UNI is up about 15% in the past 24 hours, outpacing bitcoin’s 4.7% rise and ether’s 8.5% rise, as investors reacted to a Uniswap governance vote aimed at expanding the protocol’s revenue capture across multiple Layer 2 networks.
If approved, the proposal would expand the so-called fee shift to eight additional chains and replace the current pool-by-pool model with a tier-based v3 system that triggers fees across all liquidity pools by default.
Fee shifting is the mechanism that redirects a portion of the platform’s trading fees to the protocol’s own treasury from liquidity providers. These captured fee revenues are then used for UNI token buybacks, burns and treasury growth, establishing a direct link between the platform’s trading volume and the market value of UNI.
A single governance decision is poised to add $27 million in annualized revenue to Uniswap.
Since the first UNIfication proposal was approved, the protocol fees collected have already enabled over $5.5 million in UNI burns ($34 million annualized). So what kind of impact could expanding this to eight more…? pic.twitter.com/GjEJbJ0S8b
– Entropy Advisors (@EntropyAdvisors) February 25, 2026
Some estimates suggest the change could add roughly $27 million in annualized revenue on top of the roughly $34 million already generated and used to burn UNI, marking one of the most significant changes to Uniswap’s token economy since fees were reintroduced late last year.
The governance proposal, split into two on-chain votes due to transaction limits, would trigger protocol fees on multiple blockchains. It also introduces a new v3OpenFeeAdapter that applies protocol fees uniformly across all liquidity pools based on their fee level, rather than requiring governance to activate pools individually.
The change would make protocol fee capture automatic for all new v3 pools, reducing manual intervention and potentially expanding revenue collection on long-tail trading pairs.
Since the first phase of the fee change launch late last year, Uniswap has already burned over $5.5 million worth of UNI, implying an annualized pace of about $34 million at current levels.

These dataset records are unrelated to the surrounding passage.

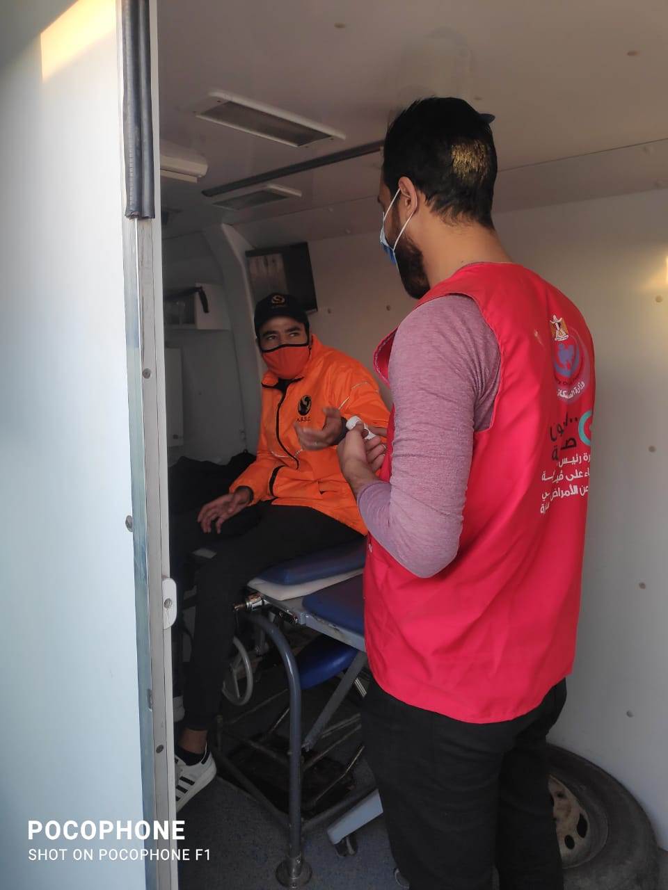 فرق المثقفين الصحيين بوزارة الصحة والسكان تقوم بتقديم التوعية اللازمة بالإجراءات الوقائية والاحترازية لفيروس كورونا المستجد لجميع المشاركين في البطولة من خلال الأكشاك الطبية المتواجدة داخل الاستادات الرياضية وأمام صالات الألعاب.
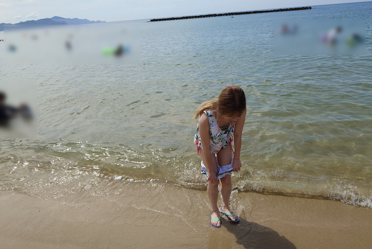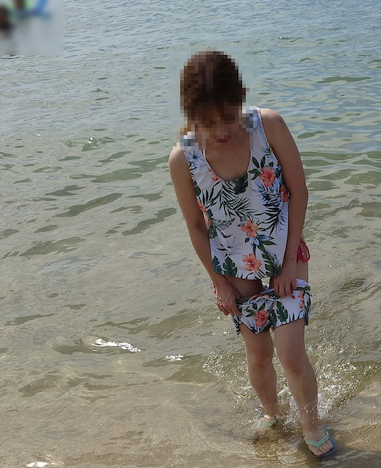 マイクロビキニ着用で海水浴に行った時の写真です。最初、隠してましたが脱ぐよう指示しました。
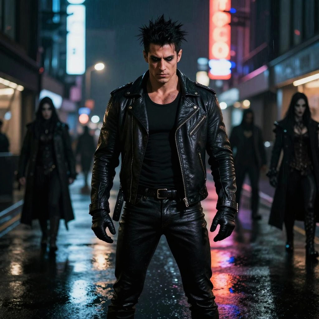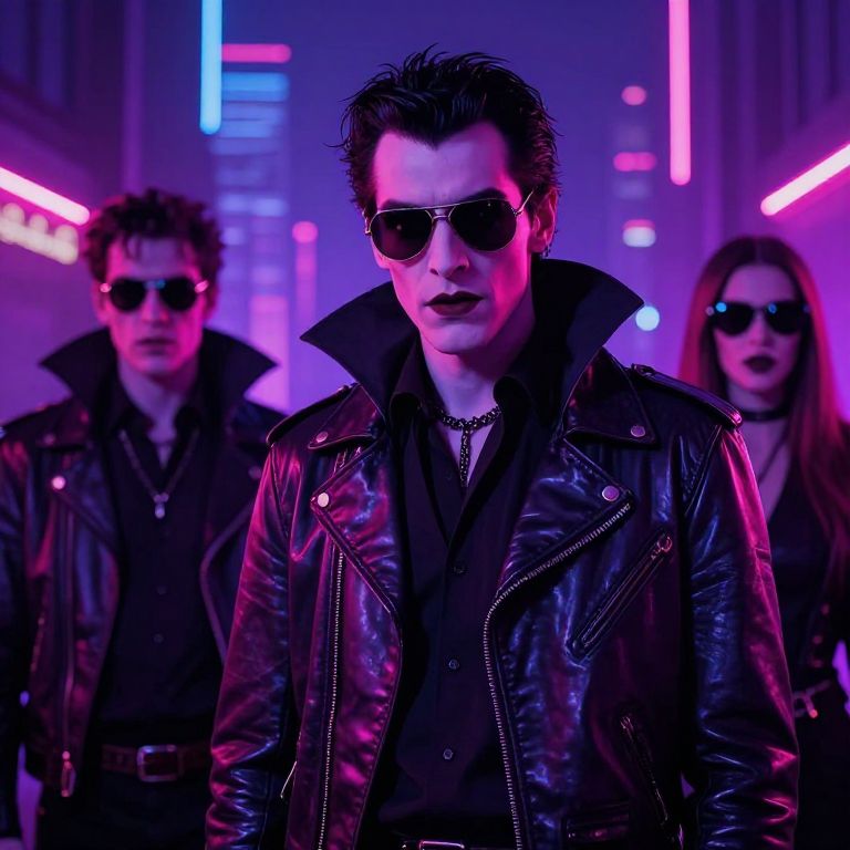 80s vampire aesthetic, neon-lit cityscape with gothic vampires wearing leather jackets and mirrored sunglasses, synthwave vibes, moody purple and pink hues, cinematic lighting
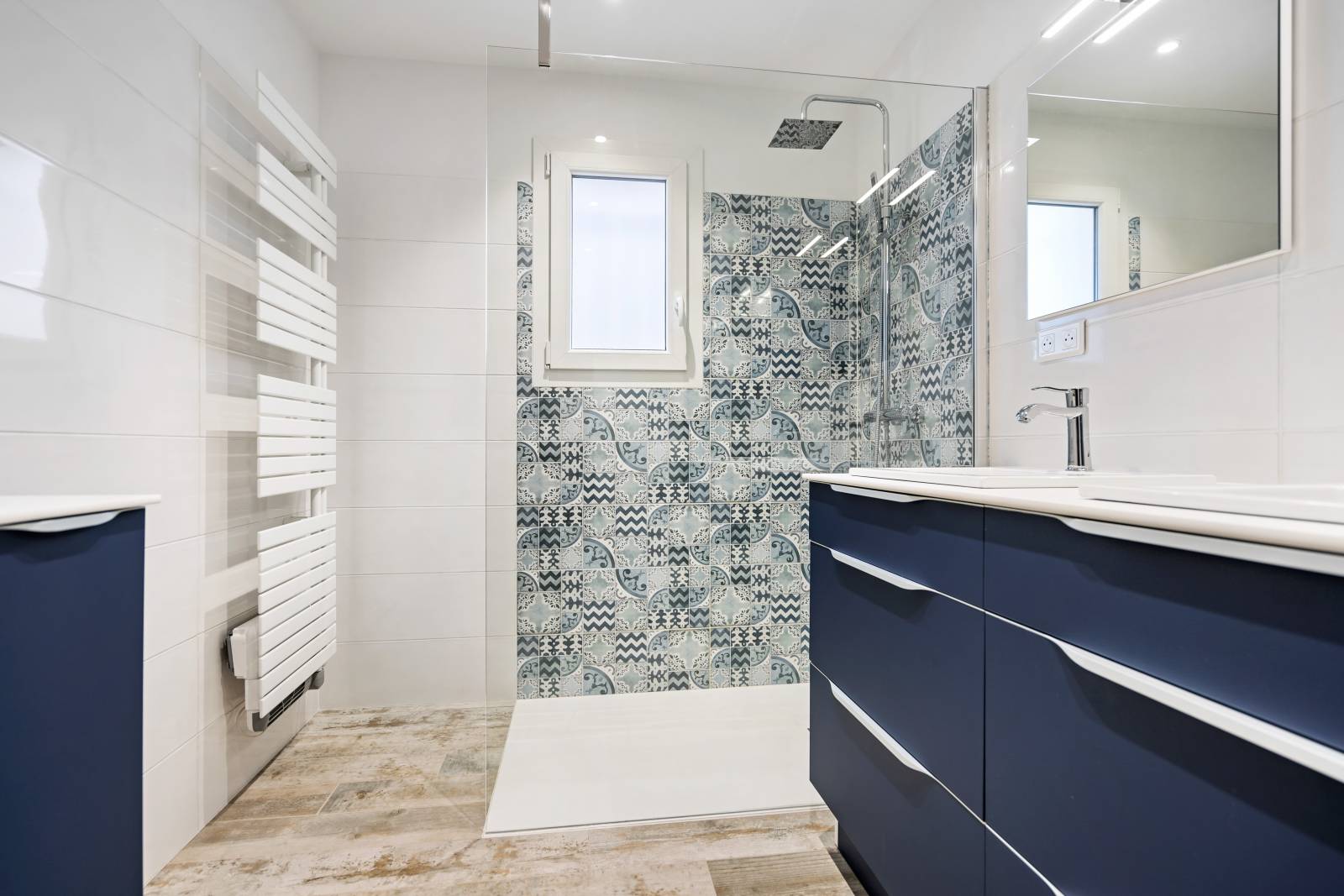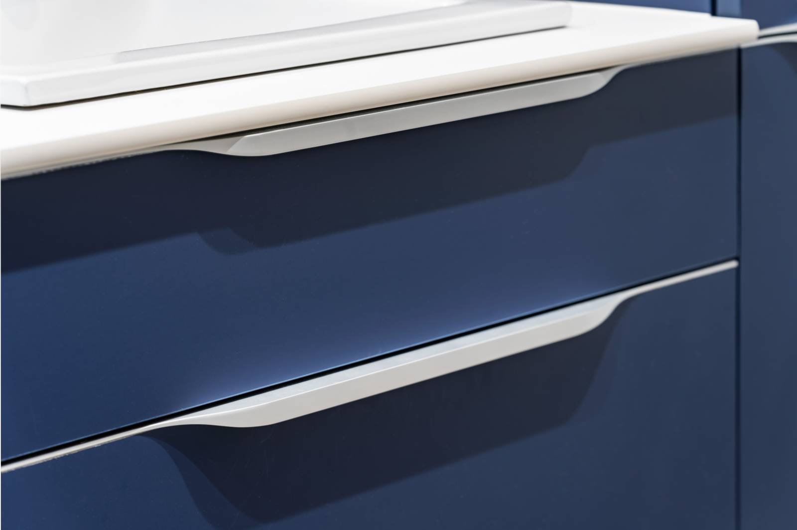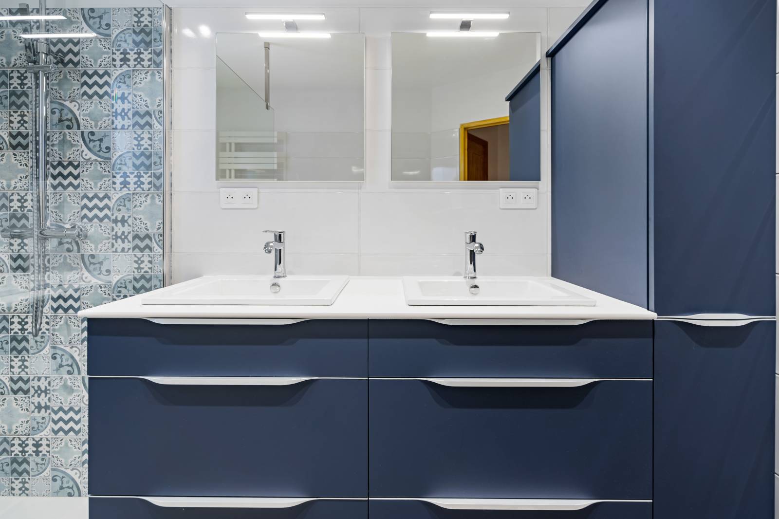 L’aménagement associe des façades en bleu saphir mat, un plan vasque en blanc lait mat et des poignées en aluminium mat, un trio de finitions qui apporte une touche contemporaine et raffinée à l’ensemble. Le tout est parfaitement mis en valeur par une faïence murale soigneusement sélectionnée, créant une atmosphère à la fois apaisante et stylée.

The rally comes as crypto markets broadly recover, with bitcoin up 4% to 5% and ether gaining about 8% over the same period.
Still, the long-term impact will depend on whether increased protocol fee capture impacts Uniswap’s competitiveness for liquidity on Layer 2 networks, where fee-sensitive traders and market makers may migrate to alternative venues.
After years of generating trading volume without significant revenue for token holders, recent quarters show the protocol beginning to retain revenue.
In the first quarter of 2026, Uniswap recorded approximately $3.12 million in gross profits, according to data from DeFi Llama, compared to zero in previous periods.
The change follows the gradual activation of the tariff change at the end of last year, which redirected a portion of commercial tariffs towards UNI Burns.
If passed, the vote would cement Uniswap’s transition to a cross-chain revenue-generating protocol, with UNI burns increasingly tied to aggregate trading activity beyond Ethereum.